Together with colleagues, researchers and students, Jonathan Lazar, a professor of computer and information sciences in the Jess and Mildred Fisher College of Science and Mathematics, has officially been granted a U.S. patent for the new, more user-friendly SoundsRight CAPTCHA.
Most web users have encountered CAPTCHAs, though they may not recognize the acronym for Completely Automated Public Turing Test to tell Computers and Humans Apart. A CAPTCHA is a challenge-response test—typically comprising an obscured sequence of letters and digits—designed to determine whether the user is human.
“CAPTCHAs, or twisted text, are supposed to be something that only a human who can see can understand,” explains Lazar. “The visual clutter discourages image recognition by automated viruses and bots.”

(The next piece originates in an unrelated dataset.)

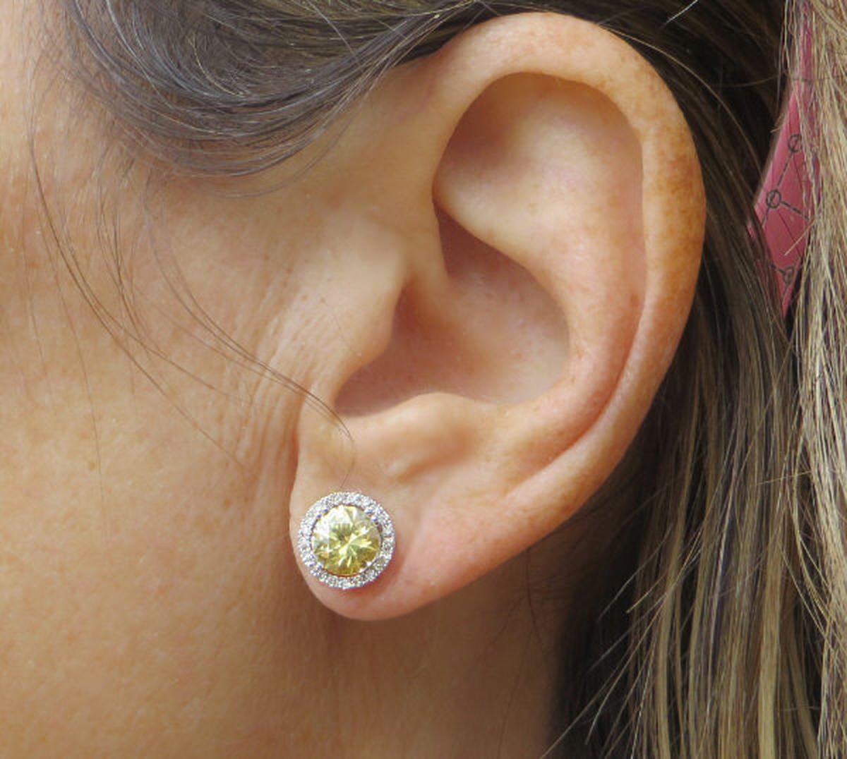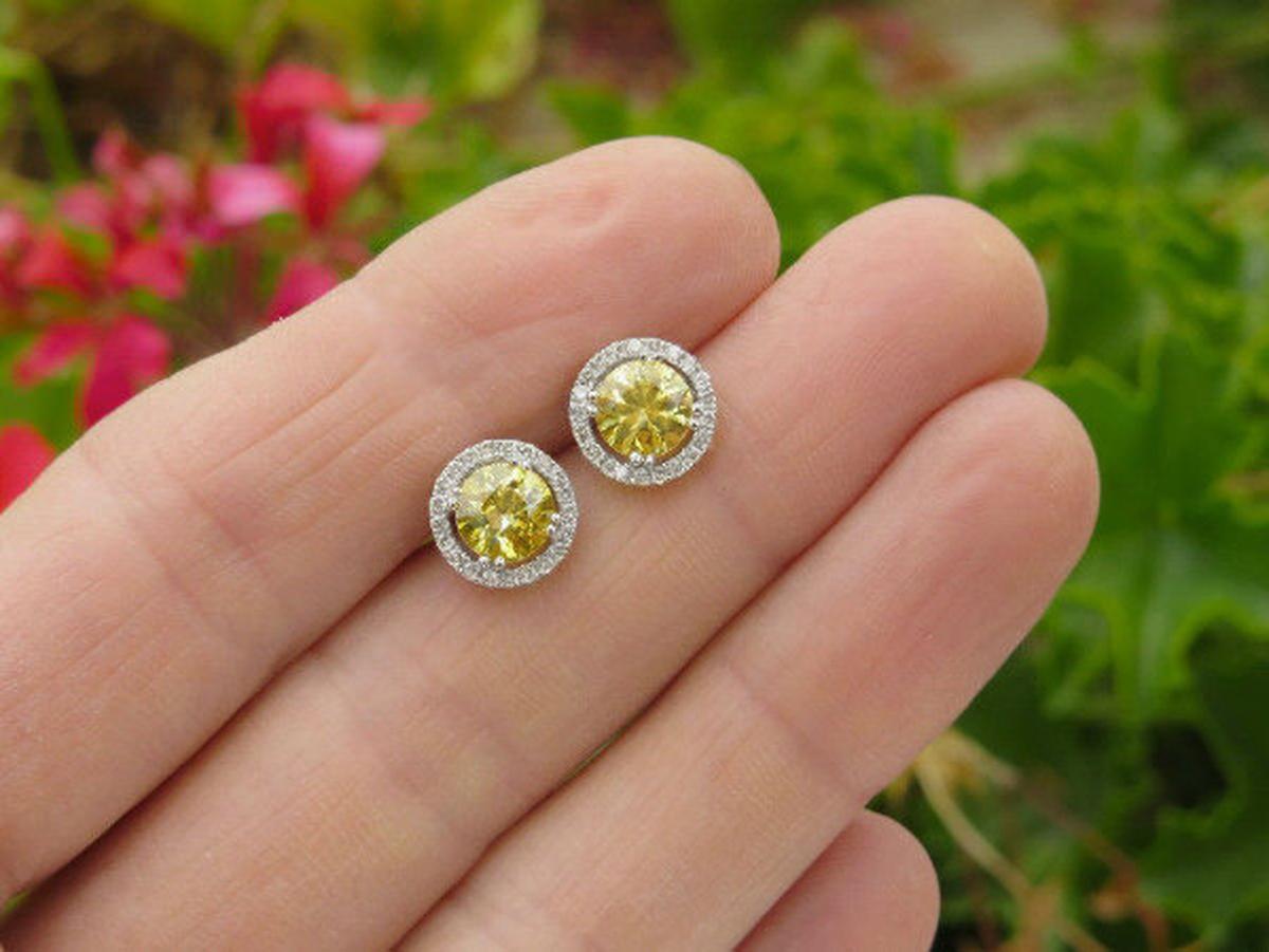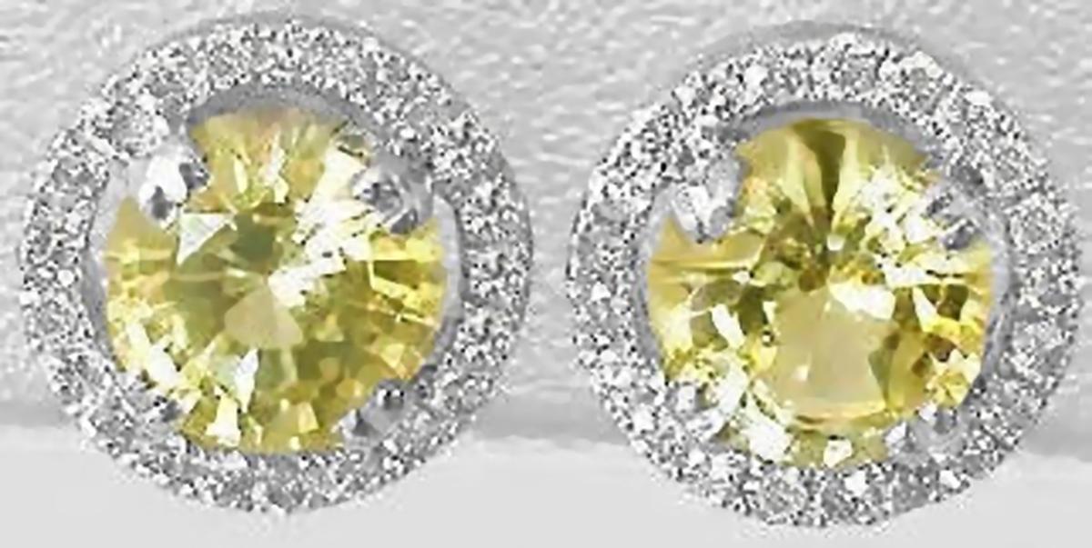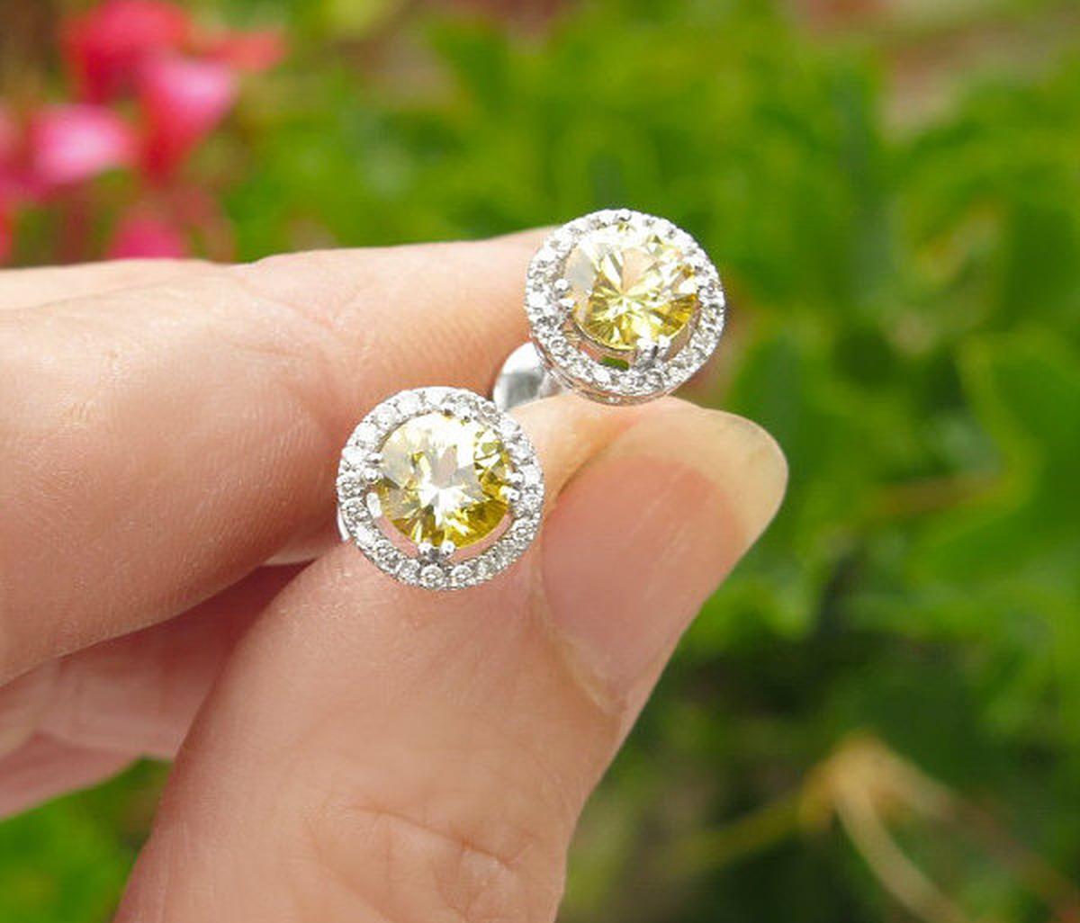 Round Natural Yellow Sapphire and Real Diamond Halo Earrings in 14k white gold for sale   Natural Yellow Sapphire and Diamond Stud Earrings in 14k white gold

But as crucial as they are to thwarting spam, CAPTCHAs can also present a formidable obstacle to blind or visually impaired users.
Towson’s SoundsRight CAPTCHA presents a solution to this problem through sound. Instead of a visual challenge, users hear a series of 10 sounds and are required to press the space bar each time they hear a specific sound, i.e., a dog barking.
Still in beta, the SoundsRight CAPTCHA was developed by Lazar and colleagues Heidi Feng, associate professor of computer and information sciences, and Abiodun Olalere, a doctoral student, in close collaboration with the National Federation of the Blind in Baltimore, whose site is currently utilizing the technology.
The audio CAPTCHA can be embedded into websites and customized with different sounds and even languages, said Tim Brooks, chief software developer, in an interview with the Baltimore Sun. And the SoundsRight CAPTCHA is as secure as visual CAPTCHAs.
The Towson CAPTCHA found its start in 2007 as a class project by Jon Holman, then an undergraduate student of Lazar’s. Holman and Lazar started developing the technology after a focus group of blind users identified visual CAPTCHAs as their biggest challenge to using the Internet independently.
“We’ve always done the evaluation with blind users at every step,” Lazar told the Sun. “This was research that was done because blind users were telling us this was important.”
“We are all one step away from a sudden disability, so why not make the Internet an inclusive place for everybody?” Taylor said.